Transportation 2030, the current revision of the Regional Transportation Plan (RTP), will become more "up close and personal" this fall. The Metropolitan Transportation Commission (MTC) kicked off the plan review with a 450-attendee Transportation Summit in June. In the next few months the agency will be holding community meetings and forums with interest groups to tackle some of the tough questions about future transportation plans for the region.
Key issues discussed at the Summit and on the agenda for the smaller meetings include:
• How to create a plan that is a vision of what the region should be, not just a list of what can be done with funds already guaranteed to arrive. One option is to make the plan a "Big Tent" that goes beyond the financially constrained plan required for air quality and federal funds planning. The Big Tent would create a broader plan that also describes the rest of the vision, including related areas such as air quality and smart growth, and identifies some of the potential sources of funding for this larger network of projects and programs.
• How to define the goals and objectives of the plan, which may differ from the goals in the previous version. The six major goals adopted in the 2001 RTP were mobility, safety, equity, environment, economic vitality and community vitality. Proposed new goals could address: rehabilitation/maintenance, transit connectivity, reliable travel choices, smart growth, clean air, "lifeline" mobility, and safety/security. Discussion is needed on whether these are appropriate groupings, how progress will be measured, and whether other concerns should be added. MTC will also need to coordinate the new goals as much as possible with the transportation performance measures which were recently adopted as required by law (see August/September 2003 issue).
• How to distribute the funding when it becomes available. If there is not enough money to go around, how much goes where? The 2001 RTP, which was financially constrained, designated approximately 90% of the money expected for the planning period as "committed funds", meaning they were earmarked because of voter mandates, state or federal laws, or previous MTC decisions. Many of the projects in the 2001 RTP using committed funds are not complete because the planning period extended into the Transportation 2030 time-frame. Some decisions will need to be made on whether all the projects for which prospective funds have been committed will continue to be part of Transportation 2030. If so, they will once again use 90% of the funding. If not, and some of the committed funding is freed up for other projects, what will they be and how will they be chosen?
For the 2001 RTP, MTC commissioners agreed to fund 100% of any shortfalls for transit capital needs and key local streets and roads. If this policy is maintained for Transportation 2030, $8.2 billionalmost all of the $9.6 billion in uncommitted fundscould go to these shortfalls. Including all local streets and roads, the shortfalls could total $14 billion. Likewise, there are enough new project needs to use all the available funds without providing any money for maintenance and operation of the existing system. Ongoing regional traveler information programs, transit connectivity and freeway service patrols may also be competing for uncommitted funds, together with bicycle projects, lifeline transportation for people dependent on public transit, and other regional and local priorities.
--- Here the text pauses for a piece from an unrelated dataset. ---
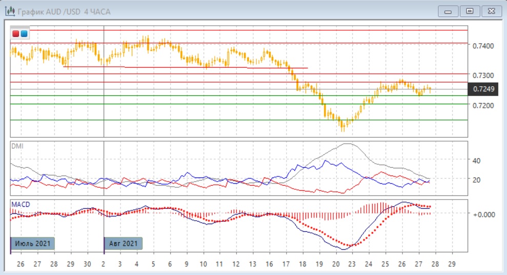На четырёхчасовом графике откат от сопротивления на 0,7270 не получил развития. Пара вернулась близко к этому уровню. Это может быть бычьим сигналом, так как откат от 0,7270 не был похож на начало завершения коррекции к снижению, если рассматривать так волну роста с 20 августа. Тем не менее, ложный пробой уровня 0,7270 может показывать более высокую вероятность выхода из текущей консолидации вниз. Краткосрочно после образования небольшой "падающей звезды" ниже 0,7270 пара, скорее, вернётся к 0,7230 (предыдущего минимума). Более значительное движение скорее будет в сторону выхода из текущей консолидации 0,7230-0,7270.

Although some of these might be financed through additional funds included in the Big Tent, such as additional sales tax revenues or a regional gas tax, the financially constrained portion of the plan will need to reflect some very difficult choices.
• How to pull together transportation and land use for the best transportation investments. With the completion of the Smart Growth project, MTC has a commitment to integrate some of those policies into the Transportation 2030 Plan. As part of the 2001 RTP, the agency tripled the size of the Transportation for Livable Communities/Housing Incentive Programs, which might be further expanded or leveraged through programs such as T-PLUS (see article in this issue) . The Commission could also adopt a specific policy explicitly linking transportation planning to Smart Growth objectives. Some transit expansion funds distributed by MTC could be conditioned on the presence of supportive land use policies such as transit-oriented development plans.
MTC will make some decisions by the end of 2003 on the percentage of committed and uncommitted funds which will be allocated to regional or local projects. If participants in community meetings and other forums confirm the early responses to these planning questions, Transportation 2030 will be shaping up as a Big Tent plan, including far more issues and non-confirmed funding sources than before. It will link transportation planning, and even project funding, to smart growth objectives for the region.
In early 2004, countywide meetings will be held by the congestion management agencies to look at local concerns that need to be accommodated. These will be the next opportunities to review and comment on the key components of the Transportation 2030 Plan after the fall meetings.